[PROBLEM DETAILS]:
Write out word for word the lines from the one holding "A lifelike silver" through the end of the data, and only those lines. Pictures stay out.

[DATA SEGMENT]:
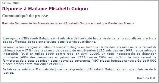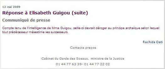 Mais ne lui en déplaise, Frédéric Lefebvre ne fera certainement pas la Une des gazettes pour cette boutade. Car Rachida Dati a fait fort, très fort. La garde des Sceaux n’a semble-t-il pas goûté la prestation d’Élisabeth Guigou, mardi matin au micro d’Europe 1. L’ancienne ministre de la Justice y avait osé affirmer que Rachida Dati avait « gâché toutes ses chances » au ministère de la Justice, par « désinvolture« , « autoritarisme » et « incompétence« . « J’avais beaucoup de sympathie et d’estime pour elle, c’est fini » a-t-elle ajouté. En moins de 90 minutes et deux communiqués de presse d’une solennité sans égal, l’accusée lui aura prouvé la réciproque. Tout ce qu’il y a de plus officiel, malgré les apparences…
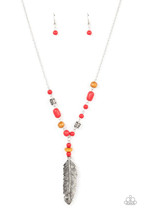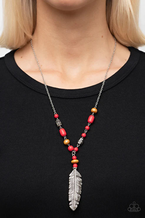 A lifelike silver feather swings from the bottom of a dainty silver bead adorned in wooden beads, red stones, and textured silver accents, resulting in a free-spirited pendant. Features an adjustable clasp closure.
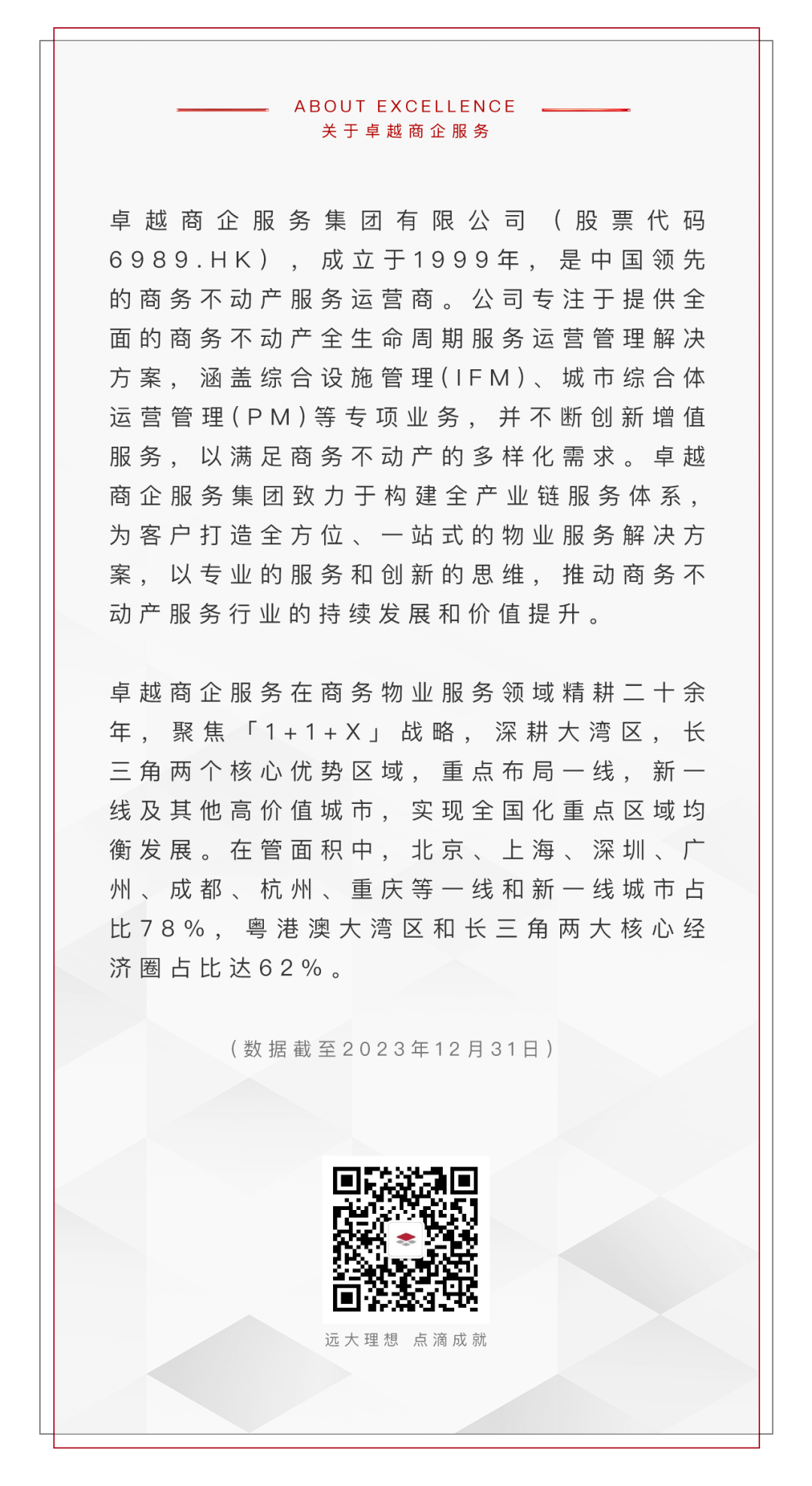 他與卓越商企服務(wù)的結(jié)緣水到渠成。從成立之初,卓越商企服務(wù)便確立了以“成為領(lǐng)先的商務(wù)不動產(chǎn)服務(wù)運(yùn)營商”為愿景。眾多互聯(lián)網(wǎng)高科技大廠的總部和大型產(chǎn)業(yè)園區(qū),都由卓越商企服務(wù)提供服務(wù)。

[ANSWER BELOW]:
 A lifelike silver feather swings from the bottom of a dainty silver bead adorned in wooden beads, red stones, and textured silver accents, resulting in a free-spirited pendant. Features an adjustable clasp closure.
 他與卓越商企服務(wù)的結(jié)緣水到渠成。從成立之初,卓越商企服務(wù)便確立了以“成為領(lǐng)先的商務(wù)不動產(chǎn)服務(wù)運(yùn)營商”為愿景。眾多互聯(lián)網(wǎng)高科技大廠的總部和大型產(chǎn)業(yè)園區(qū),都由卓越商企服務(wù)提供服務(wù)。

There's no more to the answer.